= Selected Program Notes from the Retrospective Exhibition of Theresa Rosenberg Latimer =

"Selected Program Notes from the Retrospective Exhibition of Theresa Rosenberg Latimer" is a 2013 fantasy story by Kenneth Schneyer. It was first published in the Mythic Delirium Books anthology Clockwork Phoenix 4. An audio version was subsequently released on PodCastle, read by Peter Wood.

==Plot summary==
Rather than being a conventional narrative, "Selected Program Notes from the Retrospective Exhibition of Theresa Rosenberg Latimer" is presented as a set of notes and discussion questions from an art museum's posthumous exhibition of the paintings of Theresa Rosenberg Latimer — a woman who was able to see things that other people were not. Schneyer has stated that the story is about ghosts, and that the narrator is intended to be a "curator who (...) entirely misunderstand(s) the story that was being told by the paintings."

==Reception==

"Selected Program Notes from the Retrospective Exhibition of Theresa Rosenberg Latimer" was a finalist for the Nebula Award for Best Short Story of 2013, and the 2014 Theodore Sturgeon Memorial Award.
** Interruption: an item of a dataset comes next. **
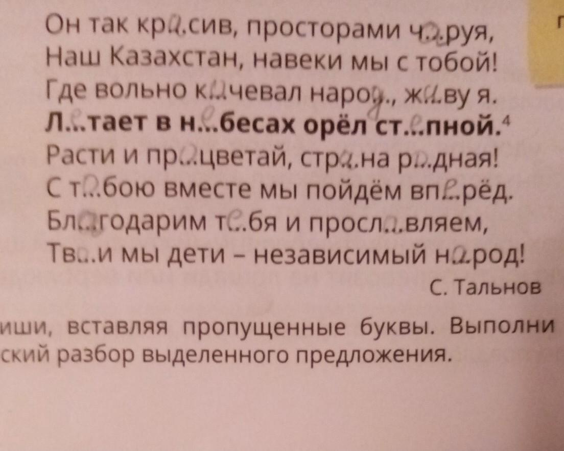 Он так красив, просторами чруя, простор Наш Казахстан, навеки мы с тобой! open Где вольно качевал народ., жаву я. Л...тает вн...бесах орёл ст...пной. Расти и пр...цветай, стр.на р...дная! Ст...бою вместе мы пойдём вп.ред. Благодарим т...бя и просл...вляем, Тв...и мы дети - независимый народ! С. Тальное Спиши, вставляя пропущенные буквы. Выполни синтакти- ческий разбор выделенного предложения. 41 пж помогите

Tangent Online praised the level of detail with which Schneyer described Latimer's paintings, while at Locus, Lois Tilton called the story a "puzzle" with "a lot of clues", stating that it "rewards re-reading". Tor.com noted that although "these sorts of stories" (i.e., stories where the narrative is presented as a series of disconnected facts which readers must mentally assemble) are often "so boring that [readers] don’t make it to the end," Selected is "far more successful than most"; Strange Horizons, however, considered that despite the story being "effective" and "very technically ambitious", its weakness was its presentism: although Latimer is portrayed as having lived until 2025, and therefore the art exhibition must take place after that, the "program notes purportedly written in the future feel as though they were written in [2013], as they in fact were."